YOUR INSTRUCTIONS
Only the lines from the one containing "In the look" to the end of the records belong in the answer; repeat them exactly and drop the pictures.

Records from a data source
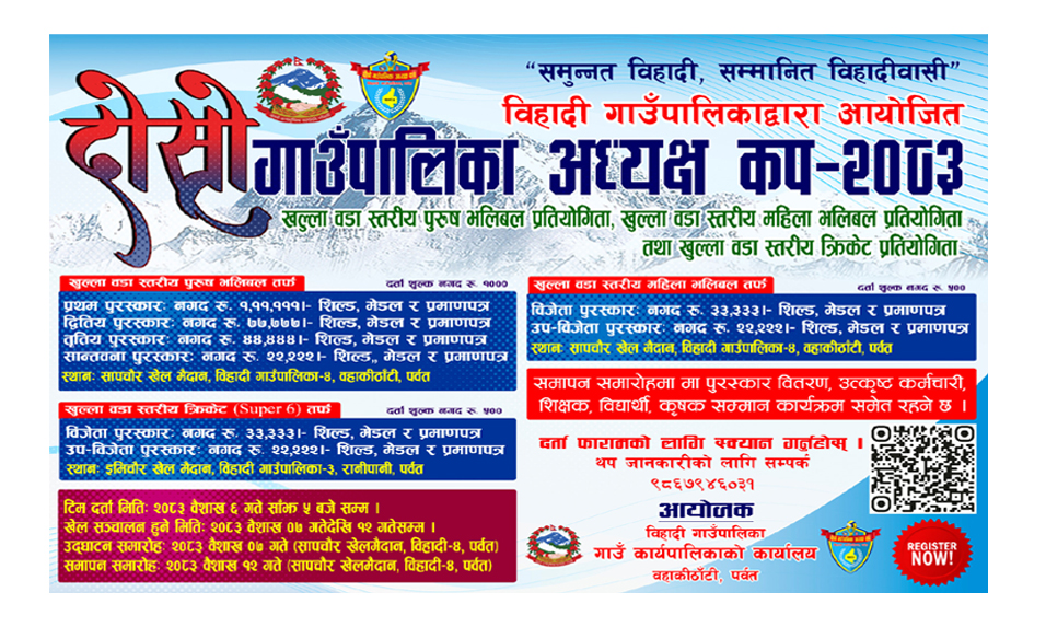 २५ चैत, पर्वत । जिल्लाको विहादी गाउँपालिकामा दोस्रो अध्यक्ष कप प्रतियोगीताको आयोजना गरिएको छ । गाउँपालिकाले आगामी वैशाख ७ गते देखि गाउँपालिकामा दोस्रो अध्यक्ष कप प्रतियोगीताको आयोजना गरेको हो । वैशाख १२ गतेसम्म सञ्चालन हुने उक्त प्रतियोगीतामा खेलक्षेत्रका विभिन्न विधाका खेलहरु समावेश गरिएका छन् ।
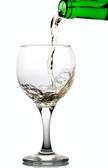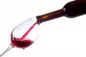 nalewanie wina czerwonego w szklany kielich na białym tle
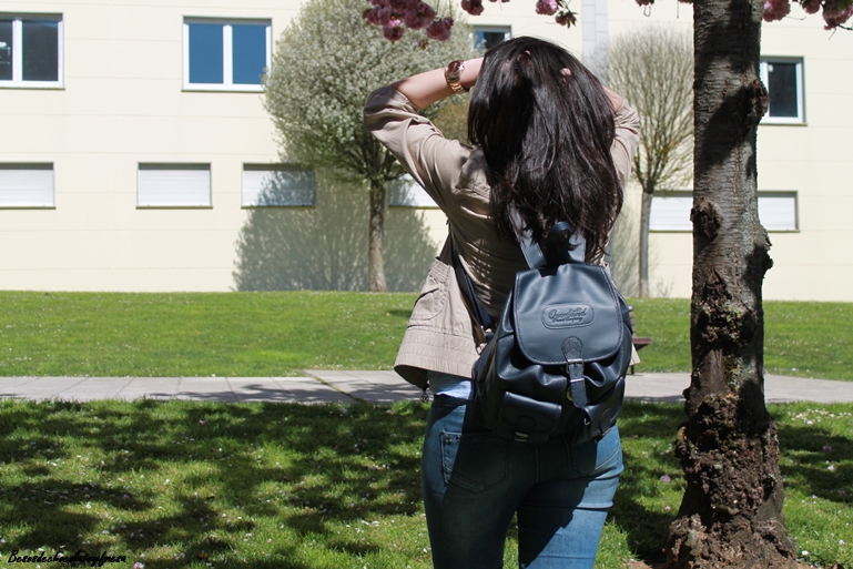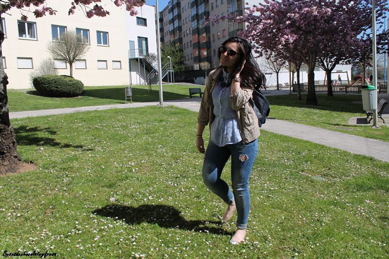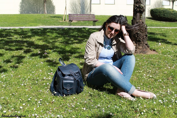 In the look of today I show you items from other seasons in which the predominant colors are blue and the nude. Ive been stripped in blue jacket with shirt nude, jeans, comfortable super dancers in nude and silver and as fashion accessories, Flower necklace, earrings sause with blue jade and pearls and backpack in Navy Blue.
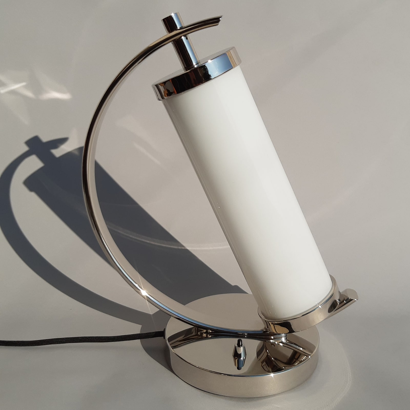 Der Opalglas-Tubus dieser Tischlampe im Art-decó Stil wird von einer halbrunden Halterung getragen.
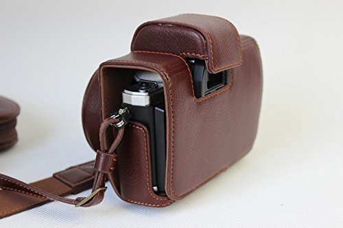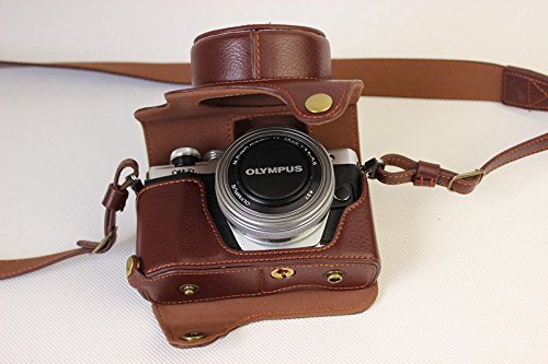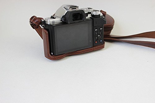 MoreGift4U Vollstandiger Schutz Bottom Offnungs Version Protective Echtes Leder Kamera Tasche mit Stativ-Design-kompatibel fur Olympus OM-D E-M10 Mark 2 EM10 Mark II mit 14-42mm F3.5-5.6 EZ-O
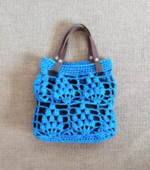 ↓4年前、初めて、かぎ針編みで編んだバッグです。テキストは紙の糸を使用していますが、私はスズランテープで編みました。表紙の作品とだいぶ違います…。4年ぶり、2回目のかぎ針編みをしました!紐の残りが少ないので、レシピを元に、模様1つ分減らしてみました。持ち手は編まずに、取り外しできる持ち手を付けました
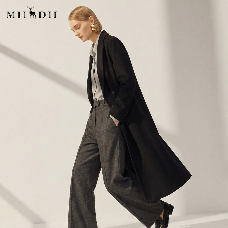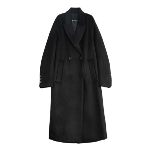 谜底呢子大衣女2025冬季 通勤简约双排扣直筒羊毛呢258MD5501 新款
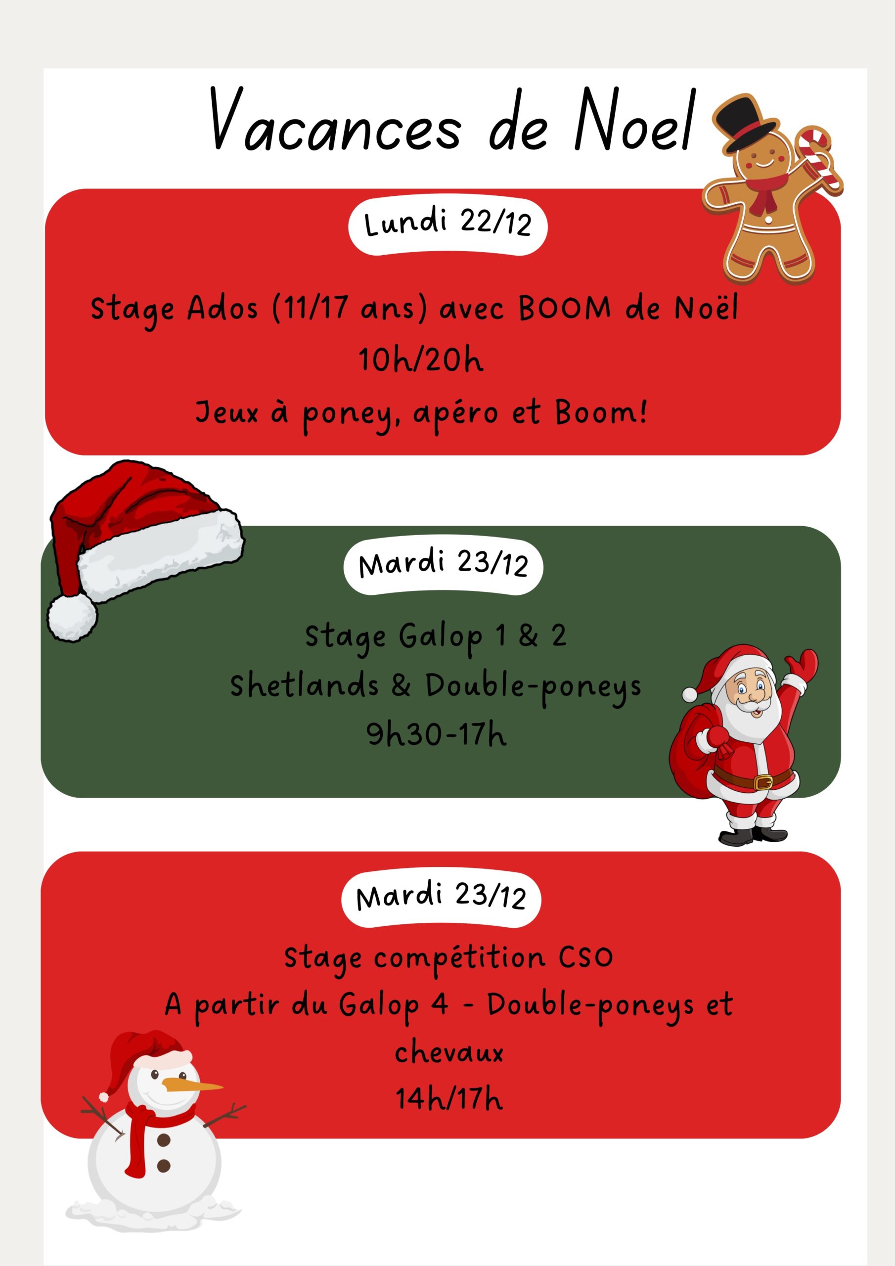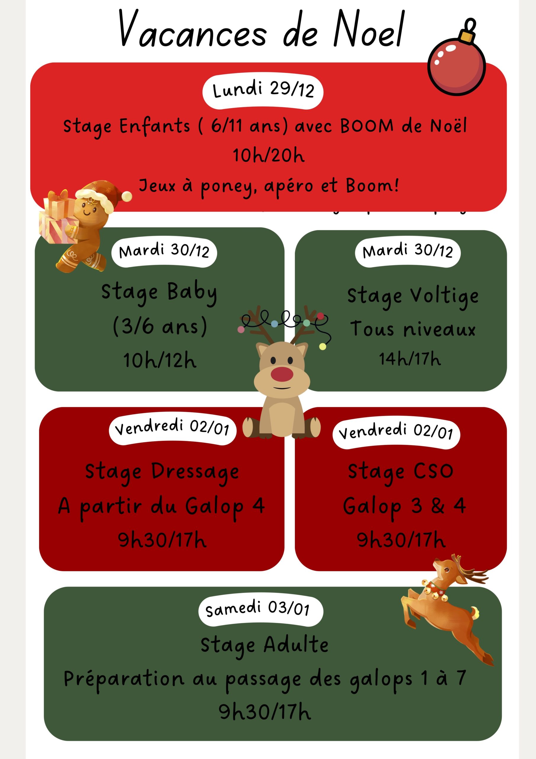 Découvrez le planning des vacances de Noël 2026 au centre équestre de La Gourmette :

SOLVED EXERCISE
 In the look of today I show you items from other seasons in which the predominant colors are blue and the nude. Ive been stripped in blue jacket with shirt nude, jeans, comfortable super dancers in nude and silver and as fashion accessories, Flower necklace, earrings sause with blue jade and pearls and backpack in Navy Blue.
 Der Opalglas-Tubus dieser Tischlampe im Art-decó Stil wird von einer halbrunden Halterung getragen.
 MoreGift4U Vollstandiger Schutz Bottom Offnungs Version Protective Echtes Leder Kamera Tasche mit Stativ-Design-kompatibel fur Olympus OM-D E-M10 Mark 2 EM10 Mark II mit 14-42mm F3.5-5.6 EZ-O
 ↓4年前、初めて、かぎ針編みで編んだバッグです。テキストは紙の糸を使用していますが、私はスズランテープで編みました。表紙の作品とだいぶ違います…。4年ぶり、2回目のかぎ針編みをしました!紐の残りが少ないので、レシピを元に、模様1つ分減らしてみました。持ち手は編まずに、取り外しできる持ち手を付けました
 谜底呢子大衣女2025冬季 通勤简约双排扣直筒羊毛呢258MD5501 新款
 Découvrez le planning des vacances de Noël 2026 au centre équestre de La Gourmette :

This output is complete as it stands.